Stored data:
+---+
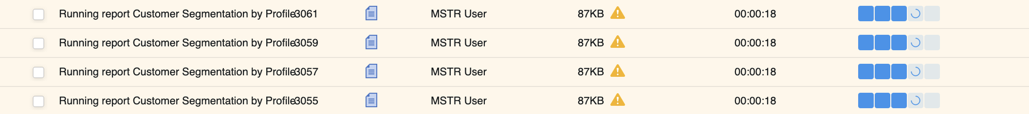 Dans MicroStrategy 2021 Update 3 et version ultérieure, Workstation fournit la fonctionnalité suivante pour les utilisateurs surveillant les tâches :
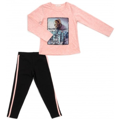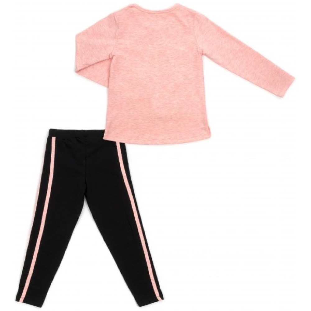 Стильний трикотажний комплект для вашої улюбленої модниці з якісного тонкого турецького трикотажу, дуже приємний на дотик: меланжевий персиковий лонгслів і чорні брючки-лосини.
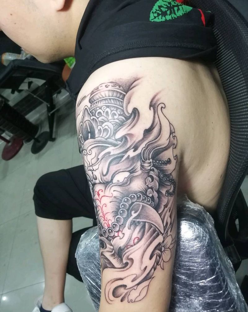 当前位置: 首页 >安徽省芜湖市纹身店-芜湖市永义堂刺青纹身店纹身图案>象神纹身图片_手臂腿部新传统老传统纹身图案
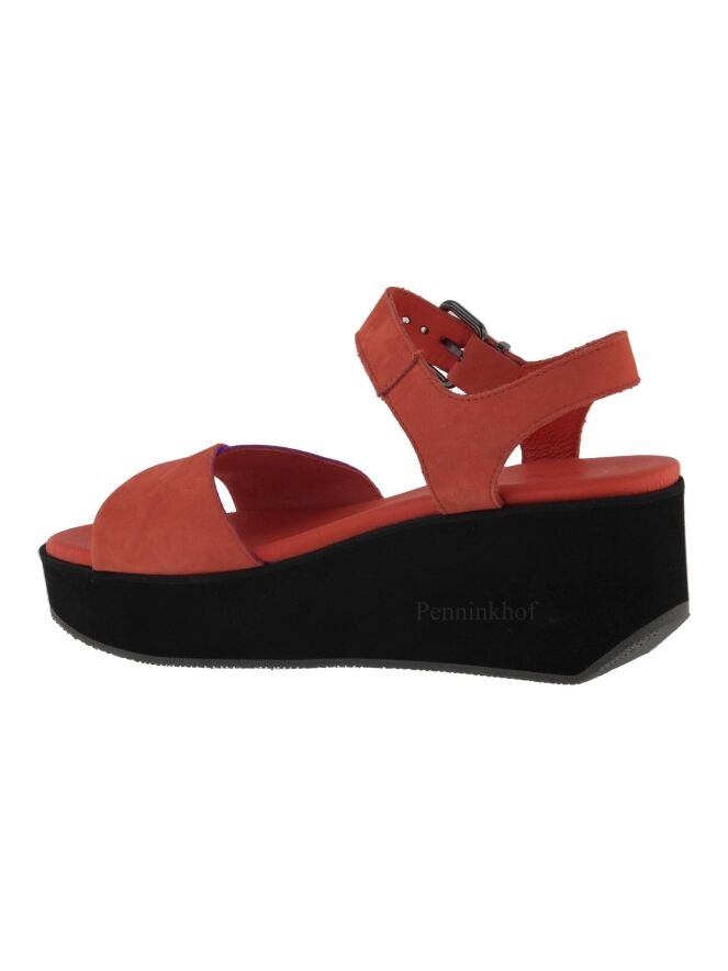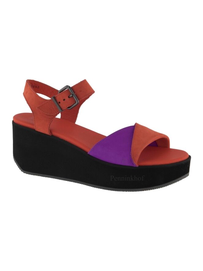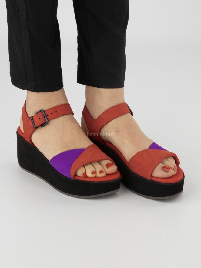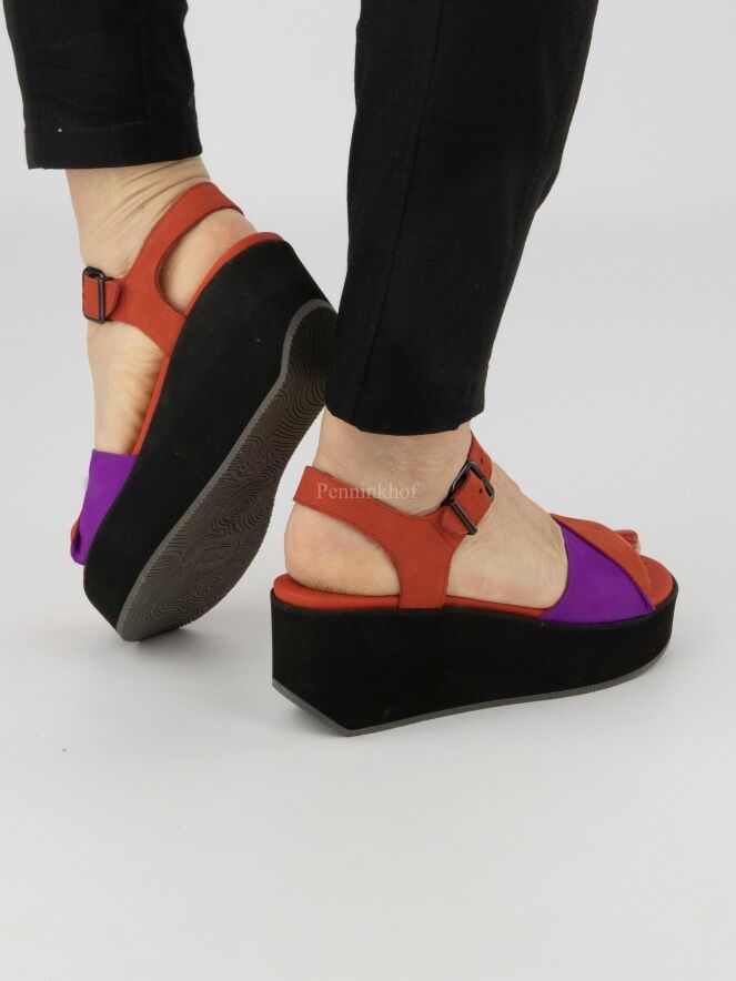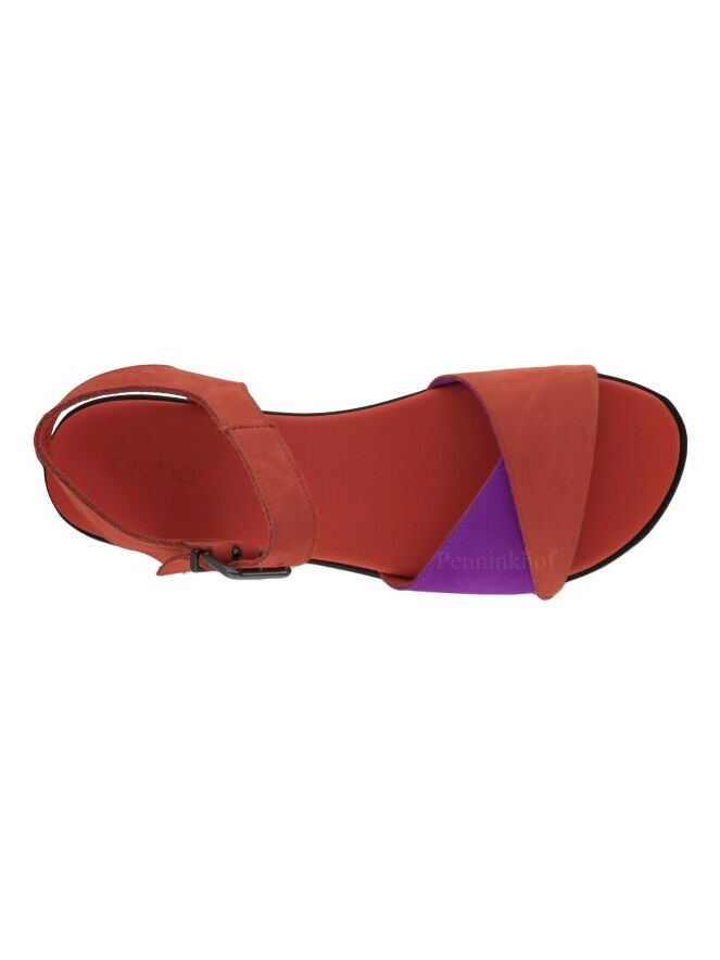 Eine Plateau-Sandale der Schuhmarke Arche in Fuchsia mit Orange. Auf dem vorderen Fußteil ist das Nubukleder umgeschlagen. Der Fersenriemen ist mit einer nickelfarbenen Schnalle verstellbar. Das dunkelviolette Fußbett ist aus Leder.
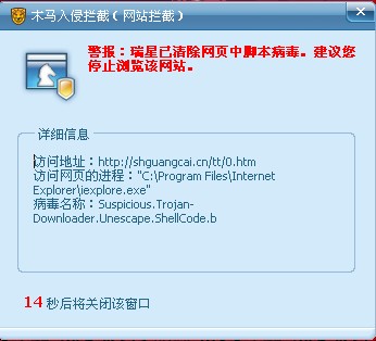 用IE 6 不管是开什么网站瑞星都提示病毒 如上图
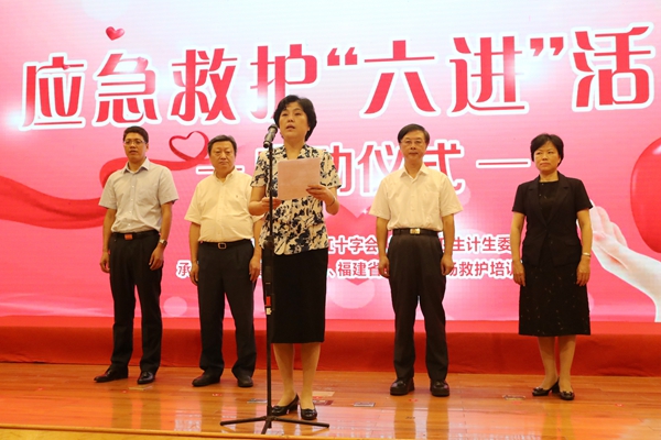 李红会长在致辞中指出,开展应急救护六进活动,面向广大人民群众,推广应急救护知识,掌握自救互救技能,是促进全民救护网络构建,推动健康福建建设的一项重要举措和民生工程。我省地处海峡西岸,每年台风、洪涝等自然灾害多发,还有各类的意外事故等,都给人民群众造成重大损害,甚至危及生命健康。从救援工作的实践看,突发事件发生后,人们在第一时间会不会自救互救,是最大限度减少人员伤亡的关键因素。加强应急救护基本知识和技能的普及培训,有利于及时有效挽救生命,减少灾害事故二次伤害,促进和谐社会构建。希望各级各有关部门站在协调推进四个全面战略布局的高度,从加强社会治理、促进健康福建建设的现实需要出发,把开展应急救护培训作为关爱群众生命、保护群众安全的民生工程摆上重要位置,进一步提高思想认识,采取有力措施,共同做好这项工作,为保护人的生命健康,为再上新台阶、建设新福建做出应有贡献。
+---+
The required output is a verbatim repetition of the lines from the opening of the entries above through the line containing "用IE 6 不管是开什么网站瑞星都提示病毒 如上图", inclusive, with no pictures and nothing else.

Result of this exercise ▸
 Dans MicroStrategy 2021 Update 3 et version ultérieure, Workstation fournit la fonctionnalité suivante pour les utilisateurs surveillant les tâches :
 Стильний трикотажний комплект для вашої улюбленої модниці з якісного тонкого турецького трикотажу, дуже приємний на дотик: меланжевий персиковий лонгслів і чорні брючки-лосини.
 当前位置: 首页 >安徽省芜湖市纹身店-芜湖市永义堂刺青纹身店纹身图案>象神纹身图片_手臂腿部新传统老传统纹身图案
 Eine Plateau-Sandale der Schuhmarke Arche in Fuchsia mit Orange. Auf dem vorderen Fußteil ist das Nubukleder umgeschlagen. Der Fersenriemen ist mit einer nickelfarbenen Schnalle verstellbar. Das dunkelviolette Fußbett ist aus Leder.
 用IE 6 不管是开什么网站瑞星都提示病毒 如上图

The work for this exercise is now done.